Entry diversion: a new mechanism for industry mobility
This video is based on research by Bilgehan Uzunca and Bruno Cassiman
Established firms in an industry are constantly threatened by new companies, firms and business. How can companies discourage potential competitors from entering their field?
In his research findings, Esade Professor Bilgehan Uzunca reveals a new mechanism to deter potential competitors: entry diversion. Rather than deterring potential competitors from the industry entirely, established firms can invest in entry barriers to divert or re-direct their competitors towards entering other submarkets in the same industry.
Original research publication: Uzunca, B & Cassiman, B. Entry diversion: Deterrence by diverting submarket entry, Strategic Management Journal (2020)
Established firms in an industry are constantly threatened by new companies, firms and business that want to enter into competition. The threat of entry is such that typically established firms feel the need to protect their profits by investing in strategic “entry deterring actions” to discourage the new players to enter into their field. Among the traditional entry barrier actions, you may find:
- Established brand identities
- Limit pricing
- Excess capacity
- Exclusive distributor agreements
- Intellectual property/patents
- Economies of scale
- Industry-specific barriers to entry
However, there is no proof that investing in deterring actions is effective.

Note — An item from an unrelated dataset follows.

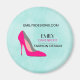 Affärsorienterad magnet med en bild av en shock rosa som ska skon. Ange vattenfärgsbakgrund för myntgrönt. Chic och glamorös. Anpassa med namn, webbplats och rubrik eller annan använda.

In reality, entry hardly stops behind an industry-level barrier.
Therefore, what would be a better strategy for deterring potential competitors?
This research tells us that rather than deterring potential competitors from the industry entirely, established firms can invest in entry barriers to divert or re-direct them into entering other submarkets in the same industry!
Submarkets are specialised product clusters where the technologies they use, the product/services they offer, and the customer segments they target, matters.
Entry diversion is this new mechanism where it is more feasible for both established firms and potential competitors:
- It is cheaper for an established firm to invest in diverting actions rather than to block them entirely from the industry.
- New players will still be able to enter other submarkets–where they are more likely to succeed–in the industry (rather than stay out of the industry entirely).
Entry diversion allows us to reinterpret how entry accommodation happens, even when entry is accommodated into the industry, it might be diverted towards different submarkets.